Wednesday, May 23, 2012

Europe Stocks Rise

European stock markets registered strong gains Wednesday, due to a slew of solid economic readings around the globe and well-received German and Portuguese debt auctions, which combined to buoy market sentiment.

The mood was lifted early Wednesday after the release of China's official manufacturing Purchasing Managers' Index, which rose to 50.5 in January from 50.3 in December, and was higher than the 49.5 forecast by economists.

Sentiment was further propped up by euro-zone manufacturing PMI rising to 48.8 from 46.9 in December, and the U.K. manufacturing PMI jumping to 52.1, against expectations for a reading of 49.7.

And in the U.S., the Institute for Supply Management's manufacturing PMI increased to 54.1 in January from a revised 53.1 in December, first reported as 53.9, indicating the country's manufacturing sector's expansion stayed on track in January.

The strong manufacturing readings indicate that a global recession can be averted, said Angus Campbell, head of sales at Capital Spreads, noting that if the recovery in the global economy can be sustained, this would prove to be a good time to buy stocks.

"Investors are becoming more and more optimistic that the major threat to growth, the European sovereign debt crisis, is slowly but surely being eradicated as central banks continue to flood the system with liquidity.

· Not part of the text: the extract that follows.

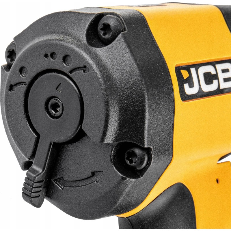 Klucz udarowy JCB wyposażony jest w praktyczne pokrętło do regulacji prędkości oraz kierunku pracy, co znacząco ułatwia jego obsługę i dostosowanie do indywidualnych potrzeb użytkownika.

So far this action has managed to avert a credit crunch, brought the yields on government bonds down and helped to boost confidence," added Mr. Campbell.

Late in Europe, the Stoxx Europe 600 index ended up 2% at 259.51. The U.K.'s FTSE 100 index ended up 1.9% at 5790.72, Germany's DAX rose 2.4% to 6616.64 and France's CAC-40 index finished up 2.1% at 3367.46.

European equities have had their best start to the year since 1998 and U.S. stocks managed to record their largest January gains in 15 years. Deutsche Bank's strategists noted that the Stoxx Europe 600 index has generated a total return of more than 4% during January, the best January return since 1998. "Earnings momentum has bottomed, the global economy is firmer and the three-year longer-term refinancing operation is positive for banks," they added.

Indeed, banks were the standout gainers Wednesday, amid growing expectations that Greece will conclude its talks with private-sector bondholders on the restructuring of its debt. The Stoxx Europe 600 banks index was up 3.8%. Banco Popular Espanol gained 4.6% after posting a 10% rise in fourth-quarter net profit. In London, Lloyds Banking Group rose 5.2% after announcing a restructure of its management team.

Debt auctions were in focus Wednesday. Germany sold €4.093 billion of 10-year bunds. The auction "went relatively well, showing good interest for the paper," said Newedge.

Meanwhile, Portugal sold the maximum targeted €1.5 billion of three- and six-month treasury bills.

"The lower accepted yields are a positive, albeit with the gloss on this taken off somewhat by the softening of demand," said Rabobank.

"From a 'restructuring contagion' perspective, these sales will do nothing to add to recent concerns but, then again, neither will they provide any safeguard against fears ratcheting up once again should, as seems perhaps likely, the market returns to fretting over the possibility Greece's restructuring will prove to be a template rather than a one-off solution," it added.

Other economic data helped support the bullish tone in the market. Earlier, data showed inflation in the euro zone held steady at 2.7% in January, in line with expectations.

In the U.S., the ADP employment report suggested the country gained 170,000 new private-sector jobs in January, in line with economists' expectations, while construction spending jumped 1.5% in December, better than expectations for a 0.5% rise. Late in Europe, the Dow Jones Industrial Average climbed 1.1% to 12767, while the Standard & Poor's 500-stock index rose 1.0% to 1326.

In currency markets, the euro gained ground against the dollar on the bullish tone in stock markets, although investors are still waiting for an agreement between Greece and its private-sector creditors. By late European trade, the single currency was fetching $1.3191 from $1.3083 late Tuesday in New York. The dollar was at ¥76.12 from ¥76.27.

Among commodities, light, sweet crude for March delivery was up two cents at $98.50 on the New York Mercantile Exchange. Gold for February delivery was up $11.70 at $1,752.10 per troy ounce late in Europe on the Comex division of Nymex.